Leave out pictures; repeat exactly the lines from the "本次再生艺术展特别展示了员工" line through the last of the data below.

====== RECORD SET ======

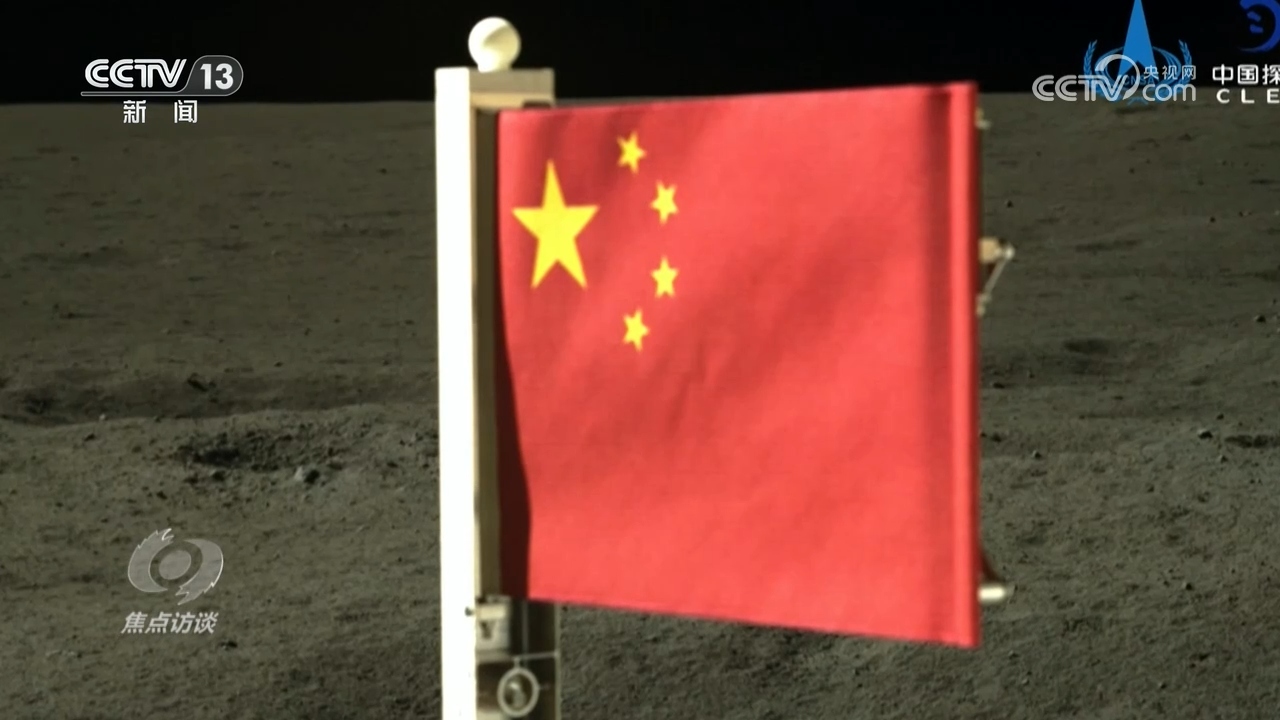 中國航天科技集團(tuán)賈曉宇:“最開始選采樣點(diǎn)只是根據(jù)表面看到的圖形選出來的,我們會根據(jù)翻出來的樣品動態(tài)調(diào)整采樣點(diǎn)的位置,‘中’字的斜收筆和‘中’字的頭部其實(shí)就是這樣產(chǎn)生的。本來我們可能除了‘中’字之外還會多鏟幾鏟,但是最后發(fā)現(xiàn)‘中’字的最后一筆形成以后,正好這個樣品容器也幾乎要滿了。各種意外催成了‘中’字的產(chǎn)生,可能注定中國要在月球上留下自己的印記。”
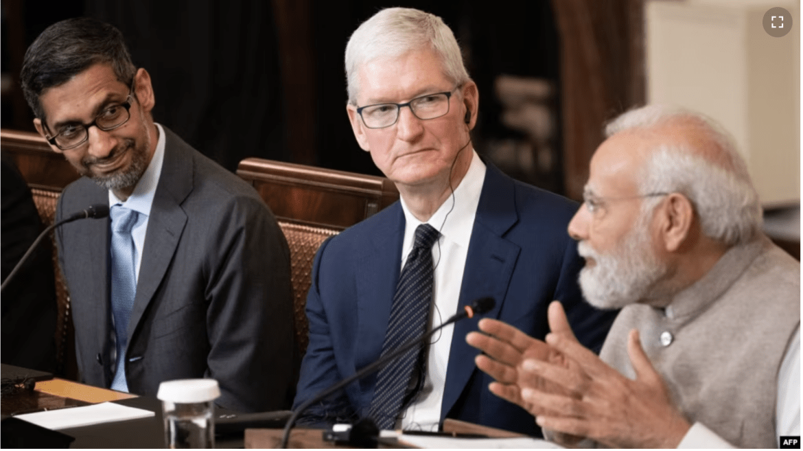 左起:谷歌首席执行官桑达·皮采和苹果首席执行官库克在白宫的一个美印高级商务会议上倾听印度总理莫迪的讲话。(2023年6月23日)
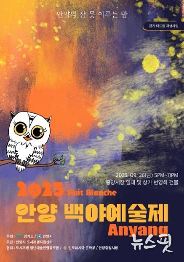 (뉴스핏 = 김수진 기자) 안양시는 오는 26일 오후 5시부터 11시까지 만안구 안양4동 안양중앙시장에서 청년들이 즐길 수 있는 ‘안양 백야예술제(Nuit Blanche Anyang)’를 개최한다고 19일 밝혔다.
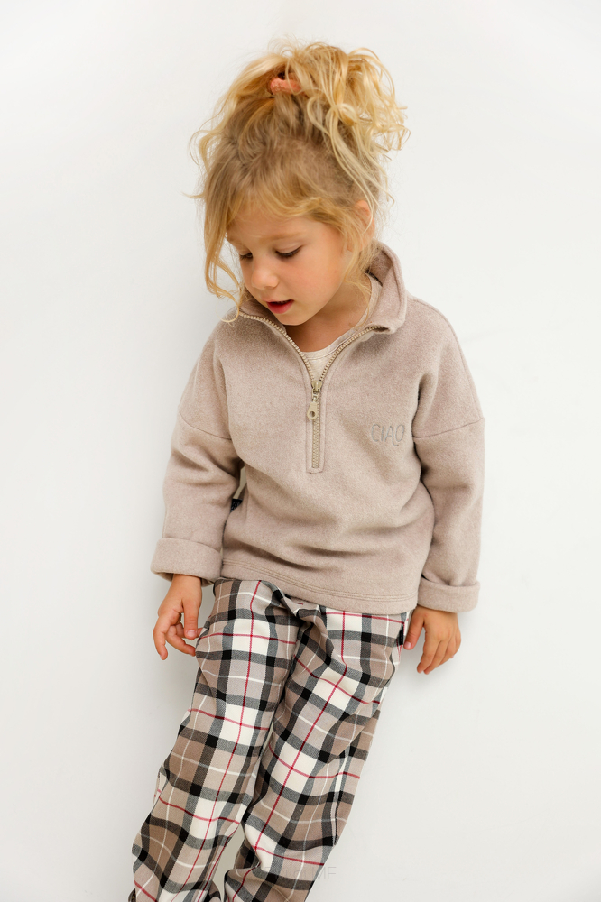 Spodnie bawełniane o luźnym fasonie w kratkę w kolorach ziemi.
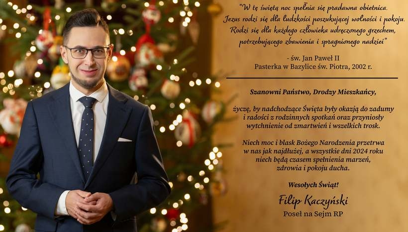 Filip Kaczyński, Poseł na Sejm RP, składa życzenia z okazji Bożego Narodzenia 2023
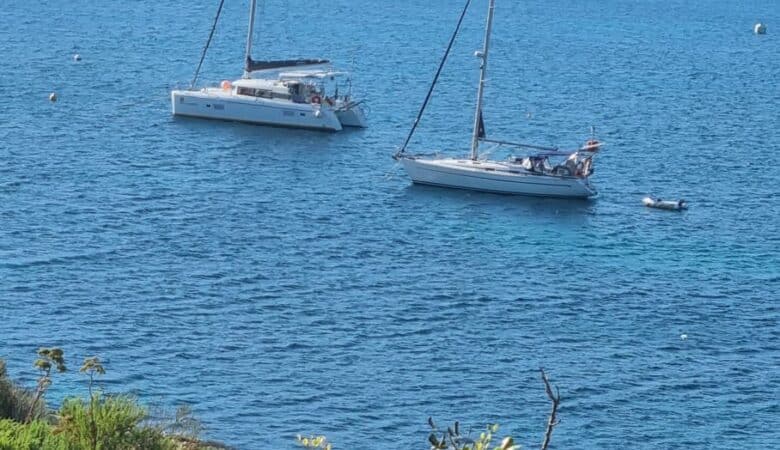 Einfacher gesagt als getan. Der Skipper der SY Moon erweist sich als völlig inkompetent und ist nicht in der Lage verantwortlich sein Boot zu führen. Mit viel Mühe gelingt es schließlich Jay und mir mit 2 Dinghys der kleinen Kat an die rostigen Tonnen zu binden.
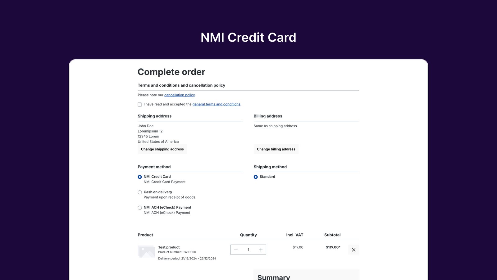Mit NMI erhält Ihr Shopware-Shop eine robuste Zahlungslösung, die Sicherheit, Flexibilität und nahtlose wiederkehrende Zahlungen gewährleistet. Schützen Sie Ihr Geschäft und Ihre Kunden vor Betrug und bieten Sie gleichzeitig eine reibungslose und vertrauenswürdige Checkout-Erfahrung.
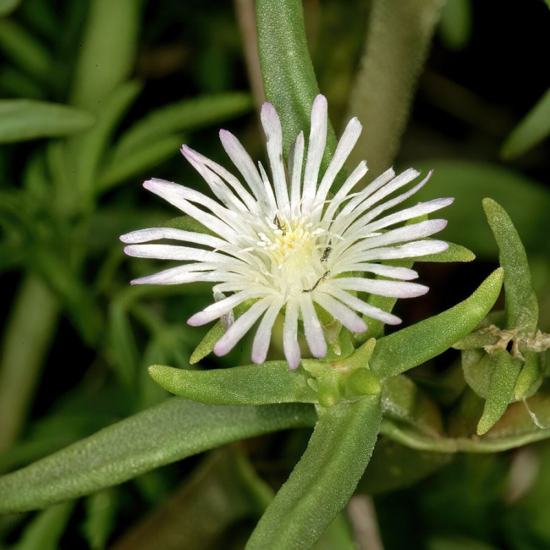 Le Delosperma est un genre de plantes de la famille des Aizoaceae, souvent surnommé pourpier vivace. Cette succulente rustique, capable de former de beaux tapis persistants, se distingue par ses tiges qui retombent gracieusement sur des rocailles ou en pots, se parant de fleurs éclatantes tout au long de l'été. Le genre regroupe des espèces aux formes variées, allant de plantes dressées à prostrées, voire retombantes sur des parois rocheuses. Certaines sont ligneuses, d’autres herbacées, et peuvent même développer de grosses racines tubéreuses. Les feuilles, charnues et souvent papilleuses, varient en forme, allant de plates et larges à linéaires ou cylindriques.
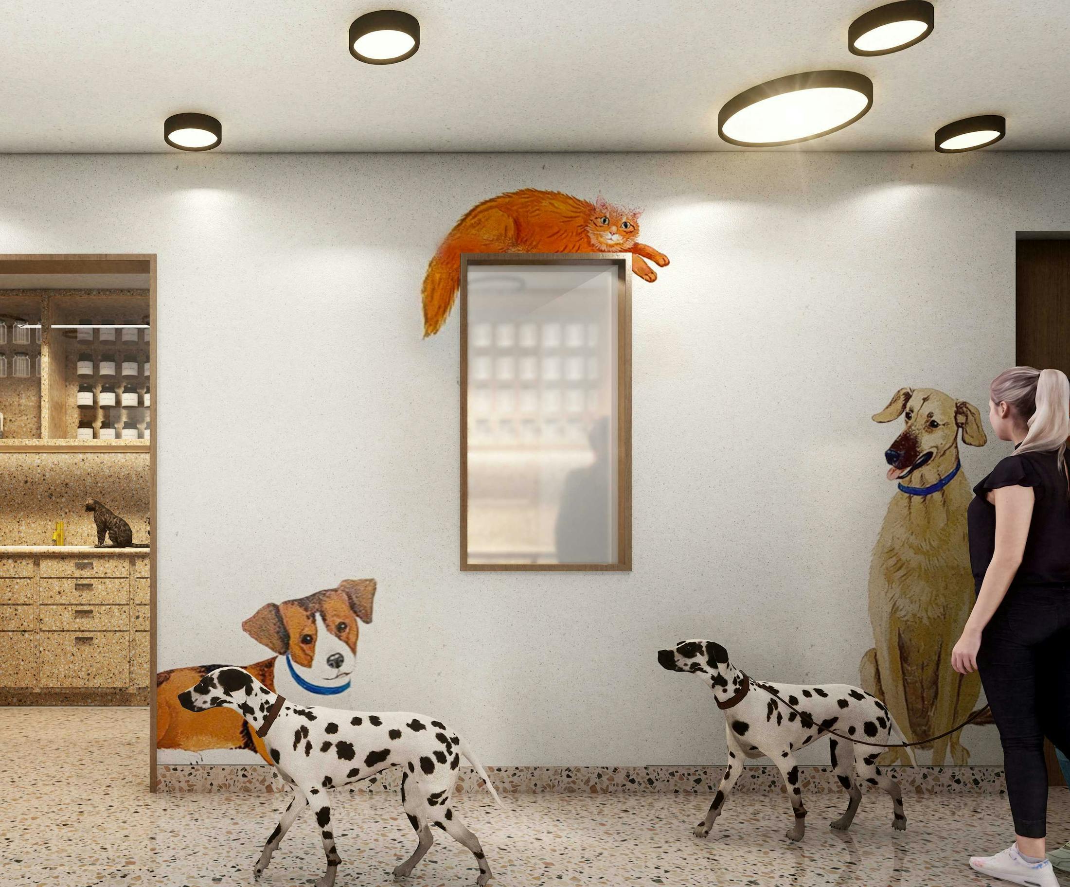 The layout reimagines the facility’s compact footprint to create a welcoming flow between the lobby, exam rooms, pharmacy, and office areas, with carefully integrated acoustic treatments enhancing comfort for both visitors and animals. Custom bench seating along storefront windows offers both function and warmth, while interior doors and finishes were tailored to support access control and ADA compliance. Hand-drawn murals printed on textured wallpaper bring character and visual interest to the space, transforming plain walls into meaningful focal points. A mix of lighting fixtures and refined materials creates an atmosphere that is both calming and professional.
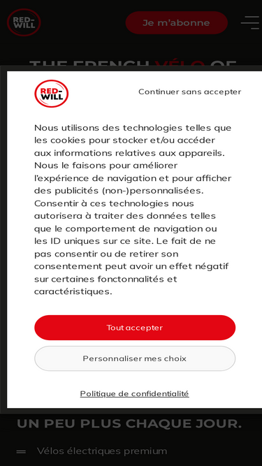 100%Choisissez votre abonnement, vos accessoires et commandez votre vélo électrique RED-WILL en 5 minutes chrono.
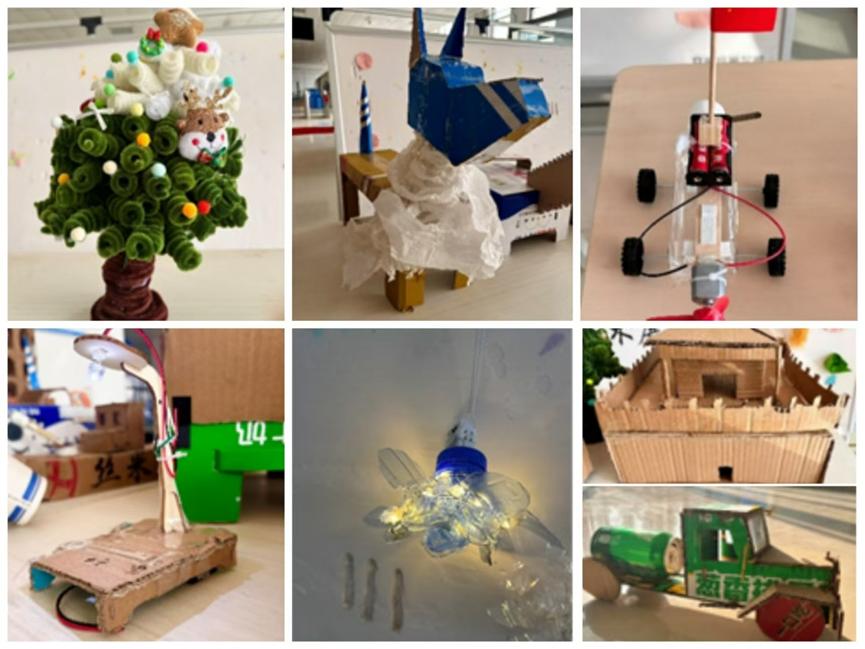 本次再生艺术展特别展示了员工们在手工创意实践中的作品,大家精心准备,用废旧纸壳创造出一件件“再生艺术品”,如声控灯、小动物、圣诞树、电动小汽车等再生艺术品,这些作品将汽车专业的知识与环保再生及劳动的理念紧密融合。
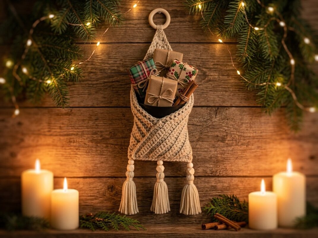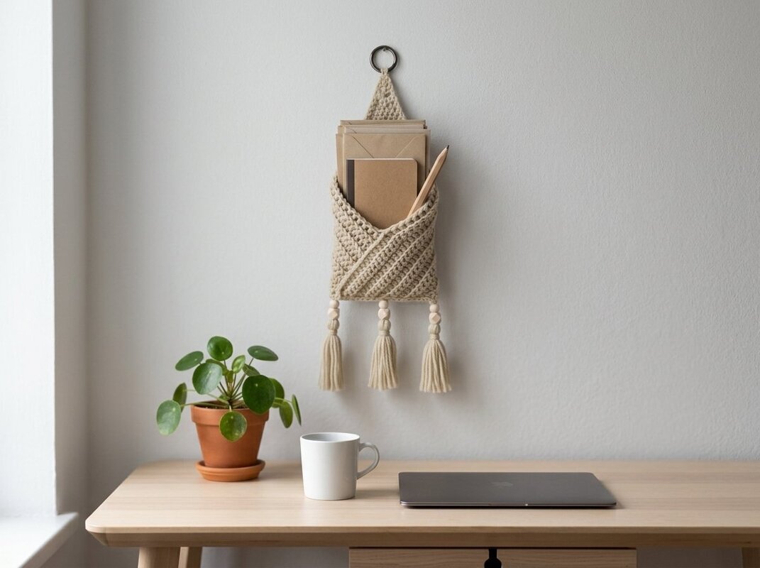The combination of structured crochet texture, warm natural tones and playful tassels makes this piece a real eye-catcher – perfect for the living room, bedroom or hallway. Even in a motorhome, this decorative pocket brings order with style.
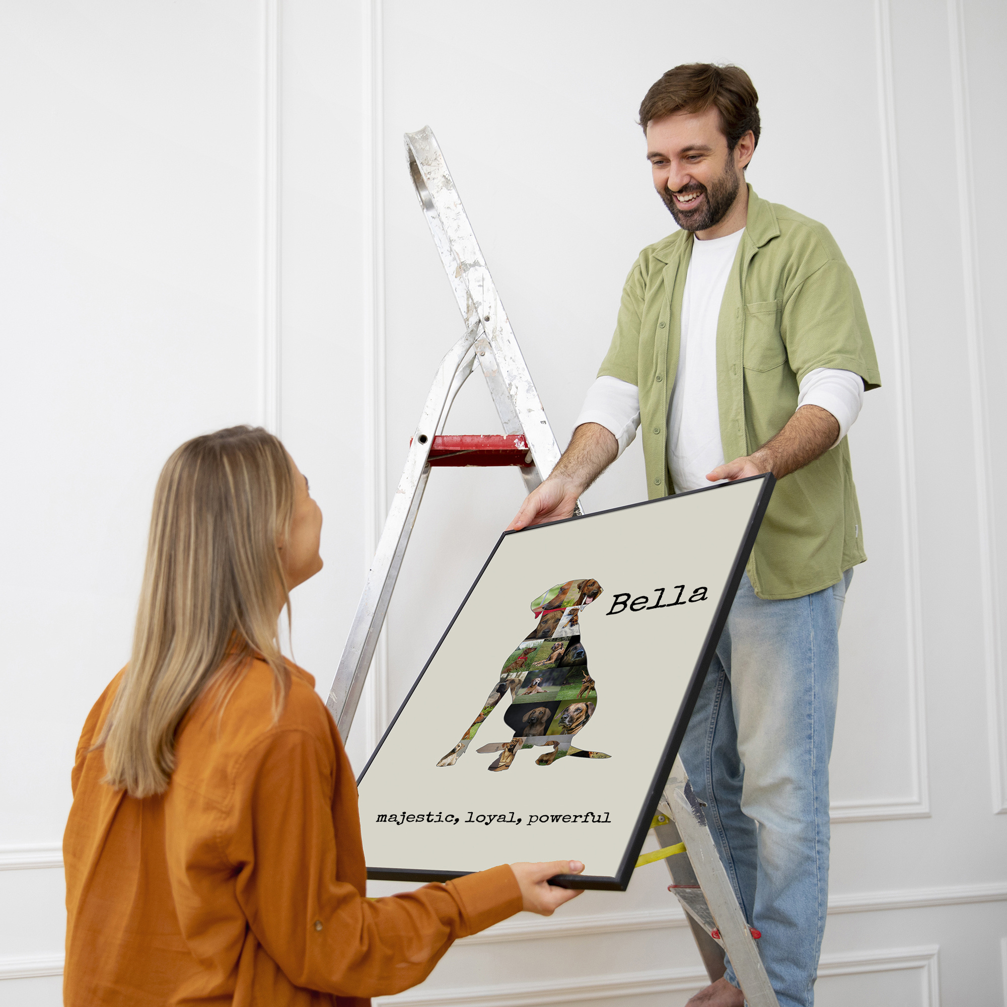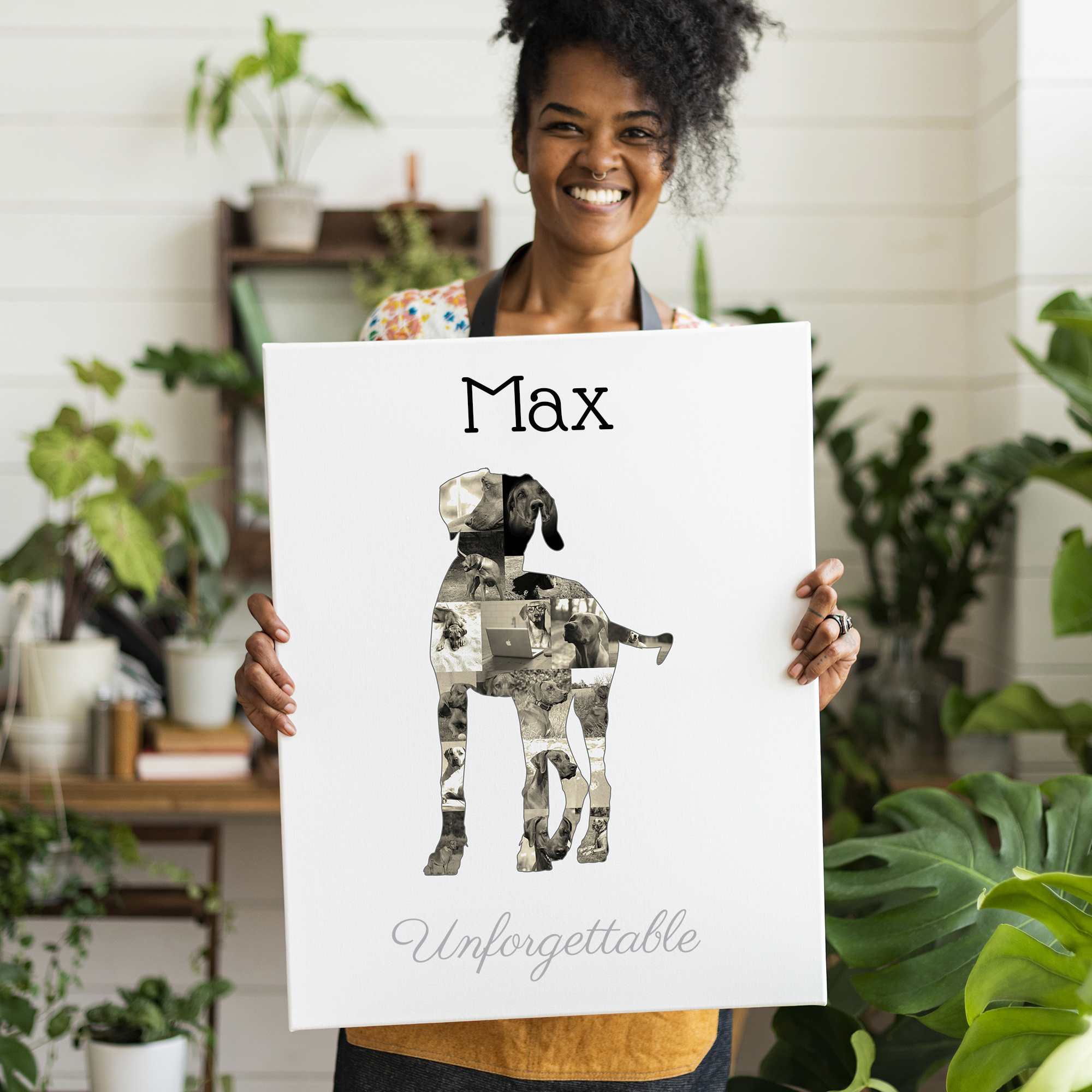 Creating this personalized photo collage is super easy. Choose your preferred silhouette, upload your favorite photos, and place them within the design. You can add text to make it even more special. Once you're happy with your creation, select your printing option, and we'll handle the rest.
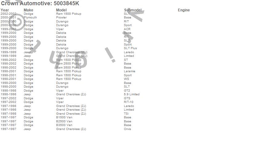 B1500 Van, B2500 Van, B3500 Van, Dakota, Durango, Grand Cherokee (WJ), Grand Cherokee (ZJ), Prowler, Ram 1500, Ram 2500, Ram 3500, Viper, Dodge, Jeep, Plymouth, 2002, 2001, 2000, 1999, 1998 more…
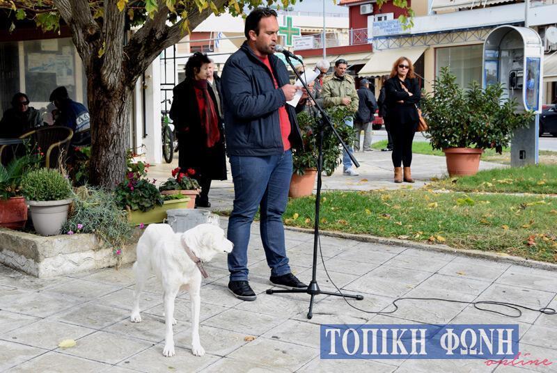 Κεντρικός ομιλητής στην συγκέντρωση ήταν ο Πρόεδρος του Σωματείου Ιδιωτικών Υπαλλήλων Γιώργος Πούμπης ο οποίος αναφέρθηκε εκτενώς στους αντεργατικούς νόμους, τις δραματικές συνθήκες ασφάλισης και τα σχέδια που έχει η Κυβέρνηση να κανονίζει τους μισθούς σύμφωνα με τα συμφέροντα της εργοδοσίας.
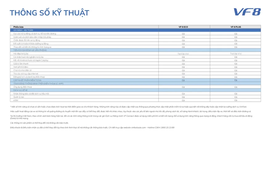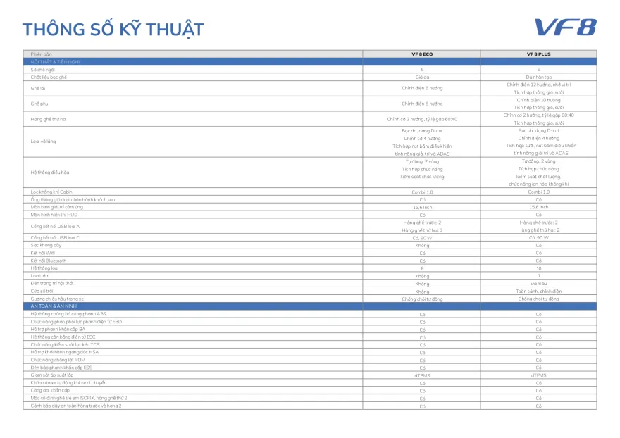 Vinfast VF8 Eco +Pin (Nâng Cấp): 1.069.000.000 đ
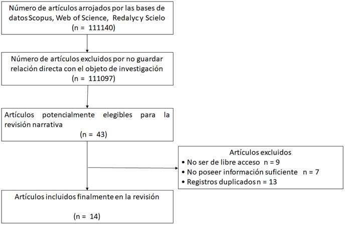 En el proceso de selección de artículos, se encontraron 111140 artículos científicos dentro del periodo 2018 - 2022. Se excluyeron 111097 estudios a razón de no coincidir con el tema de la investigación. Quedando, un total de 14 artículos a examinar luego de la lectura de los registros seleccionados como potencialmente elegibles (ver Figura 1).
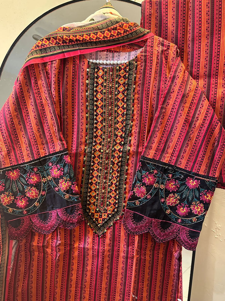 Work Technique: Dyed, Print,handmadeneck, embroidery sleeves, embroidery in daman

======

» **RESPONSE BOX**
 本次再生艺术展特别展示了员工们在手工创意实践中的作品,大家精心准备,用废旧纸壳创造出一件件“再生艺术品”,如声控灯、小动物、圣诞树、电动小汽车等再生艺术品,这些作品将汽车专业的知识与环保再生及劳动的理念紧密融合。
The combination of structured crochet texture, warm natural tones and playful tassels makes this piece a real eye-catcher – perfect for the living room, bedroom or hallway. Even in a motorhome, this decorative pocket brings order with style.
 Creating this personalized photo collage is super easy. Choose your preferred silhouette, upload your favorite photos, and place them within the design. You can add text to make it even more special. Once you're happy with your creation, select your printing option, and we'll handle the rest.
 B1500 Van, B2500 Van, B3500 Van, Dakota, Durango, Grand Cherokee (WJ), Grand Cherokee (ZJ), Prowler, Ram 1500, Ram 2500, Ram 3500, Viper, Dodge, Jeep, Plymouth, 2002, 2001, 2000, 1999, 1998 more…
 Κεντρικός ομιλητής στην συγκέντρωση ήταν ο Πρόεδρος του Σωματείου Ιδιωτικών Υπαλλήλων Γιώργος Πούμπης ο οποίος αναφέρθηκε εκτενώς στους αντεργατικούς νόμους, τις δραματικές συνθήκες ασφάλισης και τα σχέδια που έχει η Κυβέρνηση να κανονίζει τους μισθούς σύμφωνα με τα συμφέροντα της εργοδοσίας.
 Vinfast VF8 Eco +Pin (Nâng Cấp): 1.069.000.000 đ
 En el proceso de selección de artículos, se encontraron 111140 artículos científicos dentro del periodo 2018 - 2022. Se excluyeron 111097 estudios a razón de no coincidir con el tema de la investigación. Quedando, un total de 14 artículos a examinar luego de la lectura de los registros seleccionados como potencialmente elegibles (ver Figura 1).
 Work Technique: Dyed, Print,handmadeneck, embroidery sleeves, embroidery in daman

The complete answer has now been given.